**Problem statement**:
Take the line containing "Ảnh: HẢI HÀ |" and every line after it to the end of the material below; reproduce them exactly, without pictures.
● ● ● ●
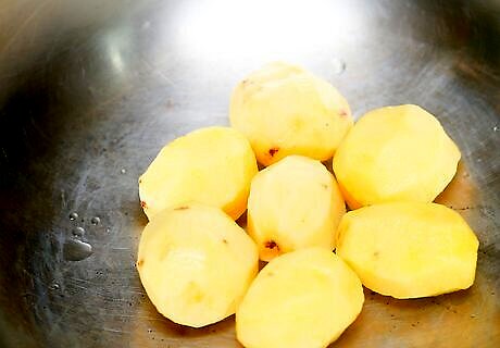 Place the potatoes in the bottom of a slow cooker. Ideally, the slow cooker should be 5 ⁄2 to 6 US quarts (5,204.9 to 5,678.1 ml) large. Spread the potatoes evenly so they are well distributed across the bottom of the pot. You'll be placing the chicken on top of them, so you want to make sure the chicken can impart its tasty flavor to the potatoes pretty evenly.
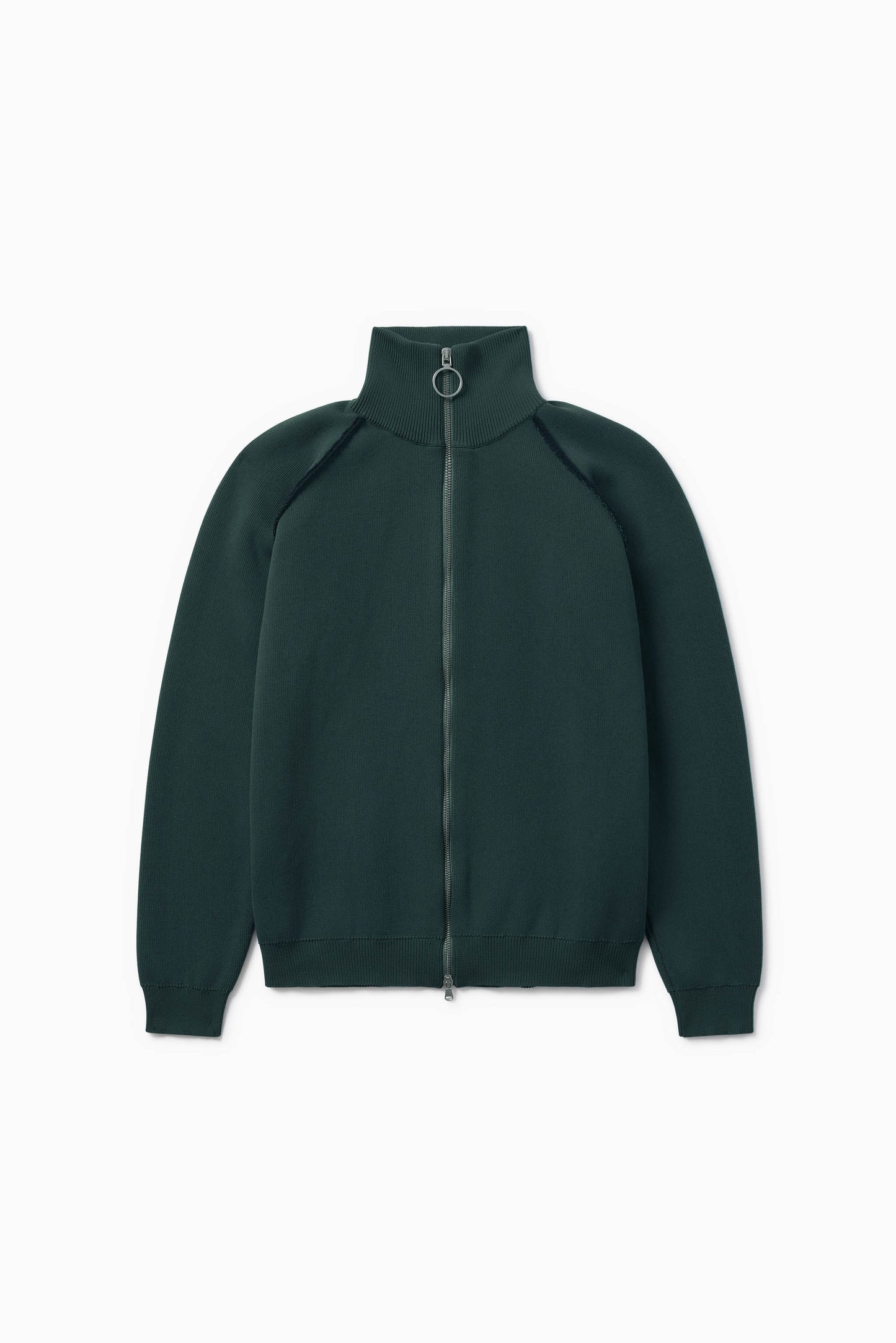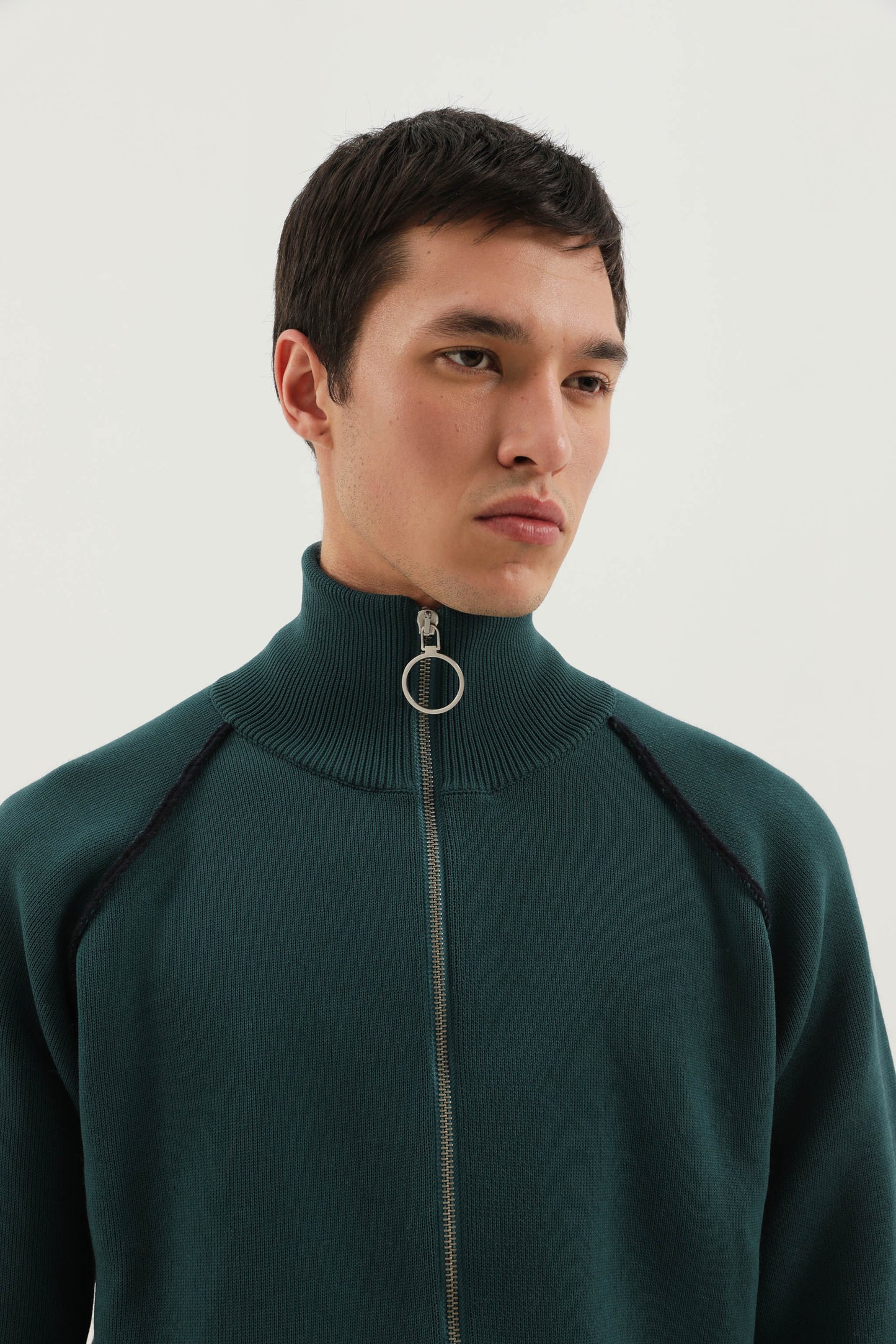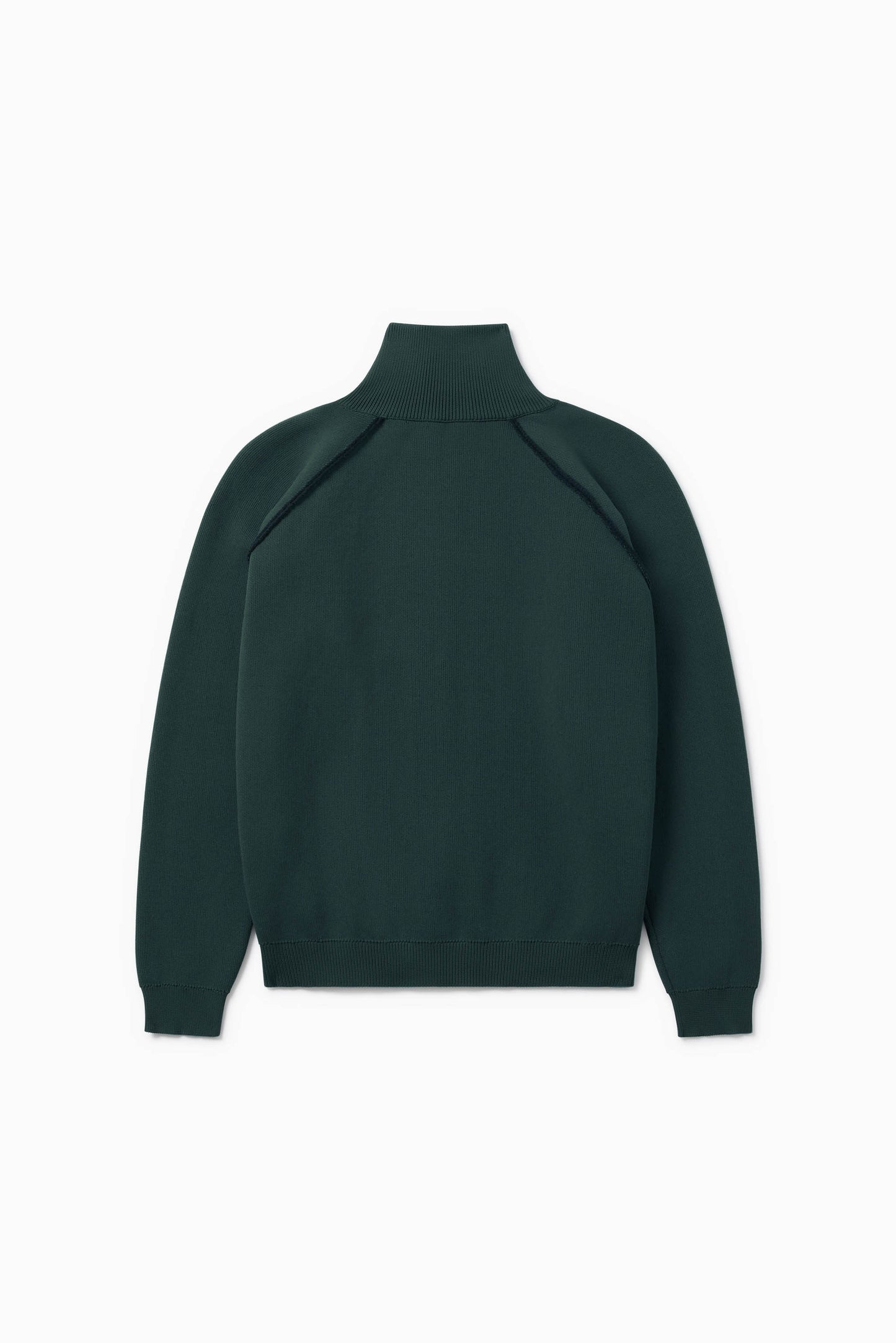 Sweater featuring ribbed knit, high neck, front zip fastening, raglan sleeves, ribbed cuffs and hem.
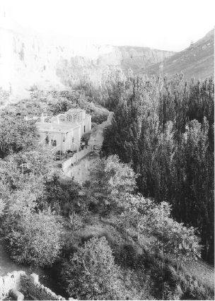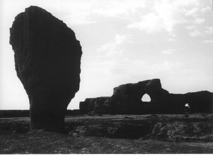 很不幸,洋鬼子艺术收藏家的掠夺使得柏孜克里克洞窟文物残存不多,现在只留下这个古老遗址本身这一神奇壮观景象。洞窟凿刻在砂石岩峡谷的西墙上,峡谷入口处只有一小块地方勉强能让维吾尔族牧人容身。北面旷野之外,远远耸立着白雪皑皑的天山山峰,那是流经这片恐怖地带的河水的发源地。河水从此流过并非大自然的巧合;1500年前的僧人们开凿了这片洞窟,使之成为艺术宝藏也并非偶然。发源于远处天山的河水经地下运河被引到这里,穿过峡谷,流入南面的沙漠。当地居民不辞辛劳这样做的原因是,1500年前的沙漠中并非只有沙漠。峡谷与沙漠交界处向南几公里外,就是高昌故城,它是开凿山洞的僧人们的家乡。
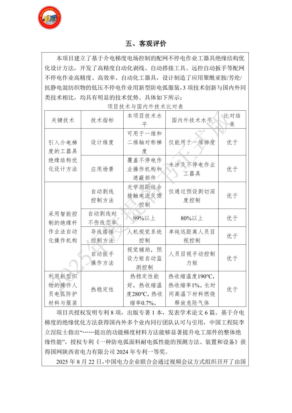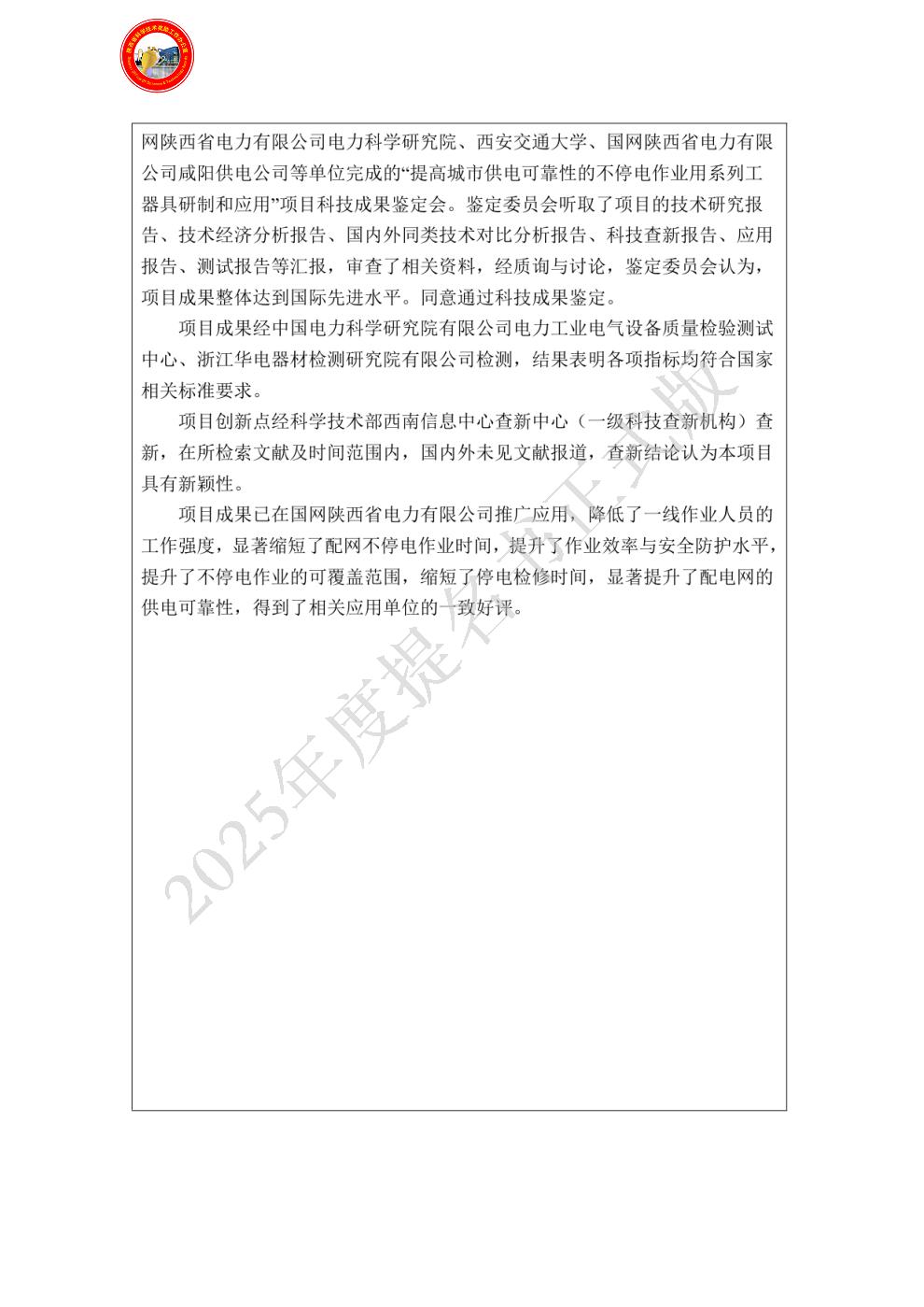 | 提名单位意见: | 该项目针对当前配网不停电作业工器具应用效率低、防护可靠性差的问题,提出了基于介电梯度绝缘的配网不停电作业装备结构优化方法,开发制造了配网不停电作业系列自动化工器具与人身防护装备,显著提升了作业效率与安全防护水平,创新性强,难度大。
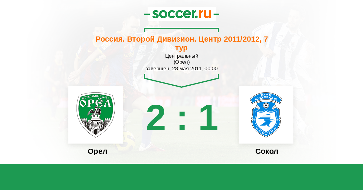 Россия. Вторая лига. Группа 3 23.08.2011 Сокол Логотип футбольный клуб Сокол (Саратов) 3:1 Логотип футбольный клуб Орел Орел
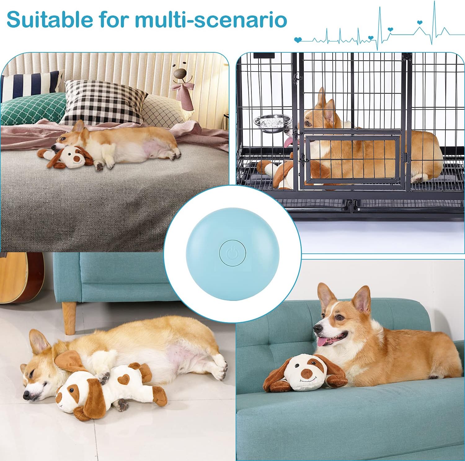Anxiety Relief: The heartbeat puppy toy simulates an atmosphere of accompany, it can help puppies and cats to relief the separation anxiety, loneliness, go through the tough time and adapt the new home or other complex environment. it is a good behavioral training aid toy which could comfort your puppies sleep better. đđImportant tips for heartbeat device: Press and hold the switch long enough, it works; Press and hold the switch long enough, it stops. Behavioral Training Aid Toy: With a simulation true pulsing heartbeat module, the puppy heartbeat toy simulates an environment that the pets are not alone and someone is with them. it is a good companion and a sleep training aid tool for your puppies and pets. Heartbeat Simulator Module: The heartbeat Simulator need 3 AAA batteries(No battery included in the package). Press the button, then the heartbeat module works. Easy to operate. Durable and Washable: The puppy plush toy is made of comfortable and high quality fabrics, support machine washable on gentle cycle, just remember to remove the heartbeat simulator before cleaning. Our Service: we hope to provides the best company and comfort to puppies, cats. If you have any question, please do not hesitate to contact us. We will feedback to you ASAP.Important tips for heartbeat device ïŒ Press and hold the switch long enoughïŒit works; Press and hold the switch long enoughïŒit stops. âș See more product details
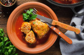 Zdjęcie "Homemade Cabbage rolls with meat, rice and vegetables. Stuffed cabbage leaves also known as sarma, golubtsy, dolma on Dark Rustic Background" może być wykorzystywane do celów osobistych i komercyjnych zgodnie z warunkami zakupionej licencji Royalty-free. Obraz jest dostępny do pobrania w jakości wysokiej rozdzielczości do 5760x3840.
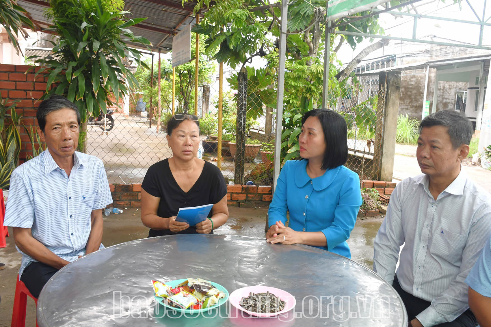 | Đồng chí Trịnh Thị Bảo Khuyên - Phó Chủ tịch Liên đoàn Lao động tỉnh Sóc Trăng cùng các đơn vị liên quan đến thăm hỏi, chia buồn cùng gia đình anh P. Ảnh: HẢI HÀ |
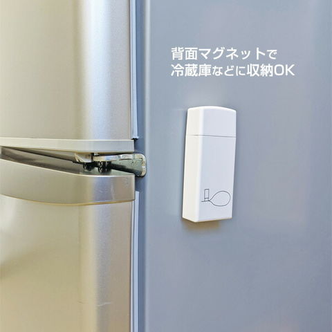 冷蔵庫などに取り付けて収納できる背面マグネット仕様です。
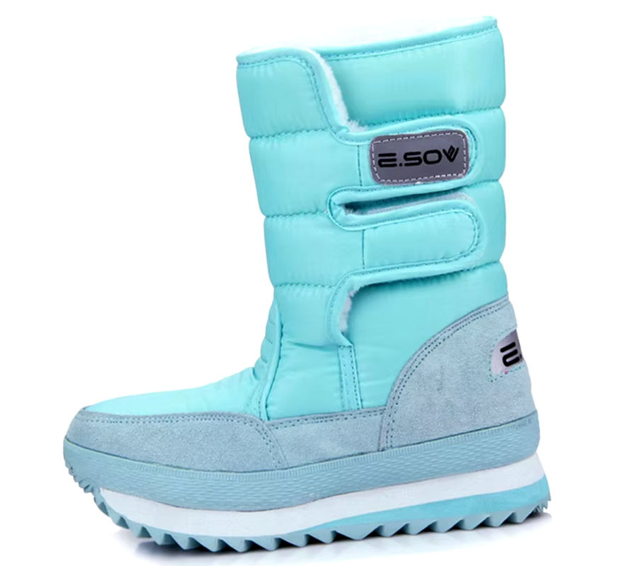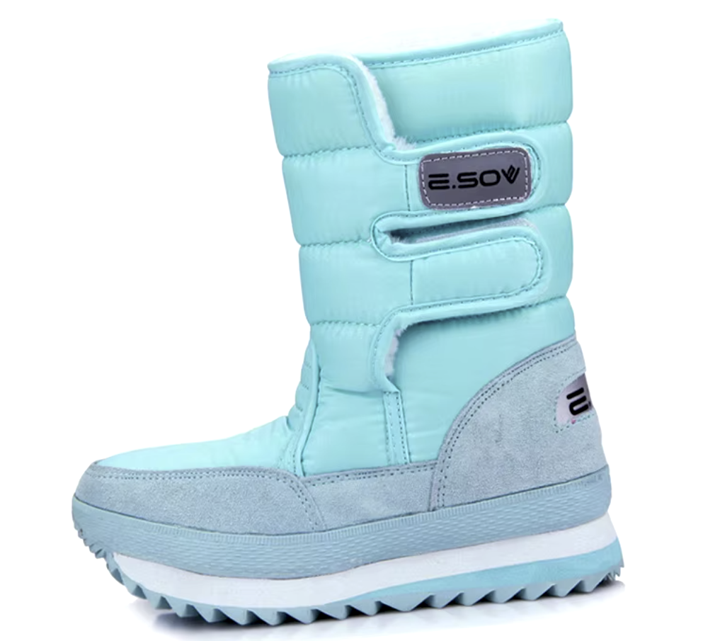 Верх выполнен из эластичного текстиля и нейлона, устойчивого к влаге и морозу. Подкладка изготовлена из искусственного короткого плюша, который сохраняет тепло и создаёт приятный микроклимат внутри обуви. Высота сапог до середины голени обеспечивает дополнительную защиту от снега и ветра.
● ● ● ●
**Expected answer**:
 | Đồng chí Trịnh Thị Bảo Khuyên - Phó Chủ tịch Liên đoàn Lao động tỉnh Sóc Trăng cùng các đơn vị liên quan đến thăm hỏi, chia buồn cùng gia đình anh P. Ảnh: HẢI HÀ |
 冷蔵庫などに取り付けて収納できる背面マグネット仕様です。
 Верх выполнен из эластичного текстиля и нейлона, устойчивого к влаге и морозу. Подкладка изготовлена из искусственного короткого плюша, который сохраняет тепло и создаёт приятный микроклимат внутри обуви. Высота сапог до середины голени обеспечивает дополнительную защиту от снега и ветра.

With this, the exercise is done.